* _What needs to be done_
Return the material below exactly, but only from the line with "Am 2. Oktober" through the line with "mint mark 'P' |", and without its pictures.

* _Data under study_
>>>

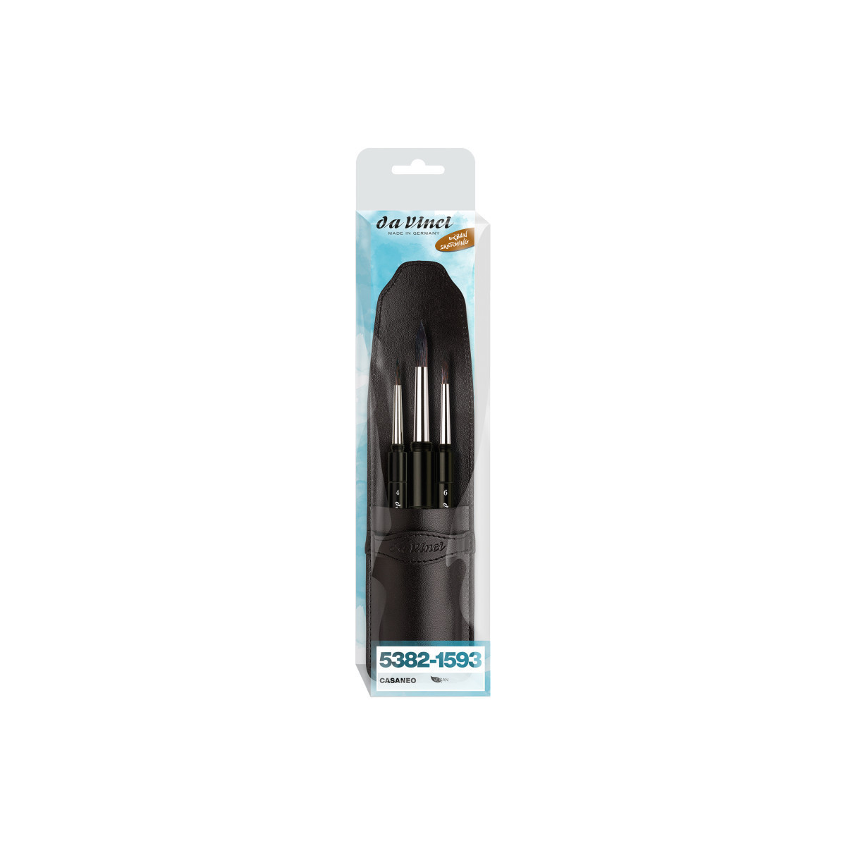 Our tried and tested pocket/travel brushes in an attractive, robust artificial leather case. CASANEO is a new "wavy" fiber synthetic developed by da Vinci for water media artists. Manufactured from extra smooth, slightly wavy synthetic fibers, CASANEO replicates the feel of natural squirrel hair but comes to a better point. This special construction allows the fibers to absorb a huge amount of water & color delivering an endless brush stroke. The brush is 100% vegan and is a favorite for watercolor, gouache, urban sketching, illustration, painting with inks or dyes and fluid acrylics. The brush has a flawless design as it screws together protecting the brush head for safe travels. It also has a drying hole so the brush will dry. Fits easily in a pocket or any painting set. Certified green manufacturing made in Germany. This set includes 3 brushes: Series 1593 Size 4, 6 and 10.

<<<
>>>

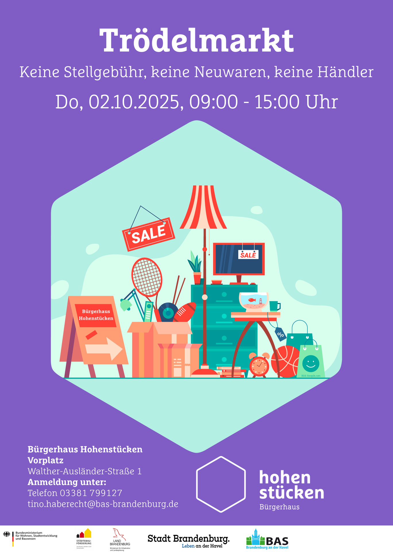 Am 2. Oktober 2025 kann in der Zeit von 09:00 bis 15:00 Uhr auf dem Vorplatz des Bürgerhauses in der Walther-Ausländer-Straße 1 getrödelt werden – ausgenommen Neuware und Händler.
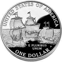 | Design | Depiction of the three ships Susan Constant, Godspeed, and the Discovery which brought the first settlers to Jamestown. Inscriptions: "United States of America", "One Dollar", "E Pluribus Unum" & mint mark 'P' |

<<<
>>>

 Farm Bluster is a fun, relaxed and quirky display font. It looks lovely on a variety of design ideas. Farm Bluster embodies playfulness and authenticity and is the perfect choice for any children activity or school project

<<<

* _Final answer_
 Am 2. Oktober 2025 kann in der Zeit von 09:00 bis 15:00 Uhr auf dem Vorplatz des Bürgerhauses in der Walther-Ausländer-Straße 1 getrödelt werden – ausgenommen Neuware und Händler.
 | Design | Depiction of the three ships Susan Constant, Godspeed, and the Discovery which brought the first settlers to Jamestown. Inscriptions: "United States of America", "One Dollar", "E Pluribus Unum" & mint mark 'P' |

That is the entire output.